Features

Follow our live review of Michelle Obama’s highly-anticipated memoir, Becoming

We asked author and Michelle Obama super-fan, Candice Carty-Williams, to share her experience of reading the most anticipated book of 2018, Becoming. Read-along with us and follow our live blog below.

Candice Carty-Williams
Read-along with Candice Carty-Williams

It’s all a process: Chapters 21-24 and Epilogue

The final few chapters of Becoming are so inspirational that I immediately want to jump up and campaign for slow and steady change in every possible area of my life. We follow the progress and the success stories of Let’s Move!, Michelle’s campaign to raise a generation of healthy American kids, as well as learning about the conception of her leadership and mentoring programme that strove to pay attention to young women . ‘I knew from my own life experience that when someone shows genuine interest in your learning and development, even if only for ten minutes in a busy day, it matters …especially for women, for minorities, for anyone society is quick to overlook.’ Michelle also says, more than once, that having been in multiple rooms where she’d been the only woman of colour, or even the only woman, she needed to ensure that others like her were coming up behind her. Those of us lucky enough to know how important mentorship can be in our own lives should take note of this; I know I certainly will.

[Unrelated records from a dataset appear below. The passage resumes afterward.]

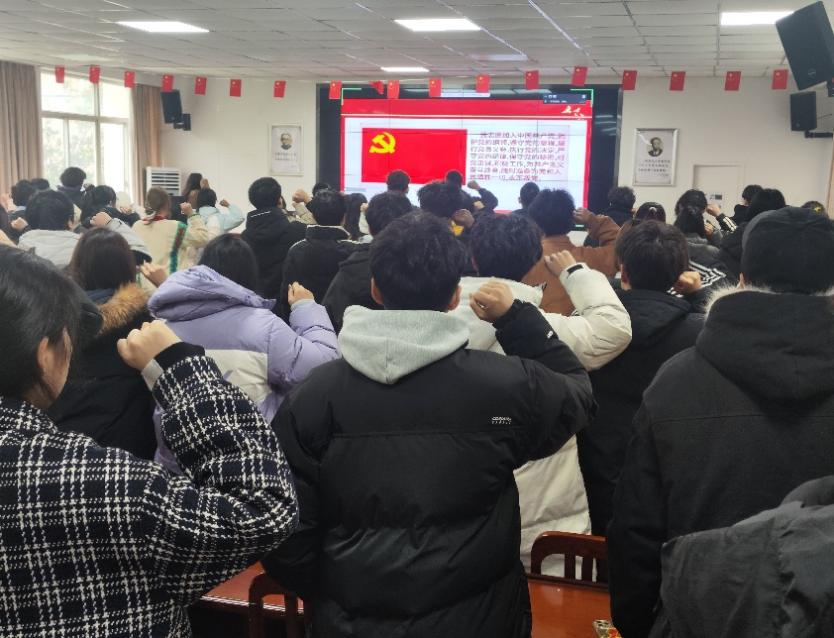 黨支部書(shū)記蘇志俊引領(lǐng)全體成員共同回顧并莊嚴(yán)宣誓入黨誓詞,每一句誓言都擲地有聲,激蕩著每一位同志的心靈深處,激發(fā)起同學(xué)們內(nèi)心澎湃的激情與堅(jiān)定的信念,時(shí)刻銘記入黨時(shí)的初心與使命。
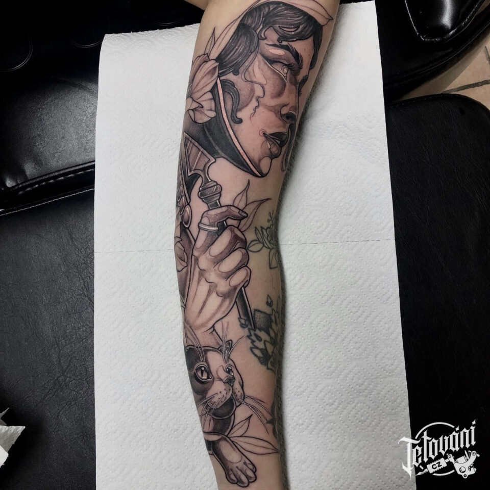 Tetování portrét ženy na ruce
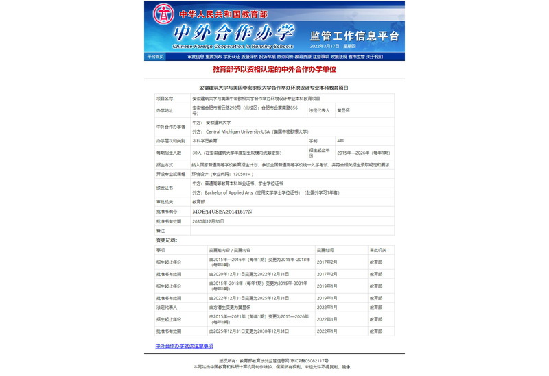 本网讯 近日,安徽省教育厅转发教育部国际合作与交流司《关于部分高校申请变更中外合作办学项目及内地(大陆)与港澳台合作办学项目申请变更事项的批复》(教外司办学[2022]53号),beats365与美国中密歇根大学合作举办的环境设计(室内设计)专业学士学位教育项目变更申请成功获批。
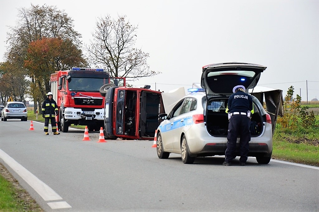- Podczas wykonywania manewru wyprzedzania przez kierującego samochodem osobowym marki BMW skręcającego w tym czasie w lewo pojazdu marki Lublin doszło do zderzenia obu pojazdów w wyniku czego kierujący i pasażer pojazdu Lublin odnieśli obrażenia i zostali przewiezieni do ZOZ Łęczyca.

As Michelle says, even taking ten minutes out of your busy day to talk to someone coming up behind you might not mean much to you, but can mean the world to them. With this in mind, I’m going to use the free time that I have to mentor, and to talk and to listen to, the young people I’m fortunate enough to encounter as part of my job, and my writing.

 

Michelle Obama
© Callie Shell/Aurora Photos

As motivating as this book is, as it comes to a close, we go through the process of the Obamas leaving the White House and the election that preceded their departure. There are painful tragedies, too. Michelle speaks about the failure of Congress to pass a single gun control measure. She laments the shooting at Sandy Hook, as well as countless murders of young black men at the hands of American police, also the racially motivated shooting at an African Methodist church known as Mother Emanuel.  And while being told by so much of the American press that they, the Obamas, should feel responsible, ‘We lived with it as a family, and we lived with it as a nation. And we carried on, as gracefully as we could.’ Michelle says, and you can almost hear her sigh.

And so from Michelle, through Becoming, we have learnt many lessons; we have understood how dignity, grace and knowing our self worth are some of the best tools in our arsenal. We have learnt to listen, to be open, to be real, and to be humble. ‘I’m an ordinary person who found herself on an extraordinary journey.’ she tells us.I’ll leave the final teachings of the book for you to enjoy for yourselves, but as Michelle says in the last few pages: ‘It’s all a process, steps along a path. Becoming requires equal parts patience and rigor.’ And as I finish this live-review, it’s Michelle’s conversation with her piano-teaching aunt Robbie that’s playing back in my mind.

 

“How can you be mad at me for wanting to learn a new song?”

“You’re not ready for it. That’s not how you play piano.”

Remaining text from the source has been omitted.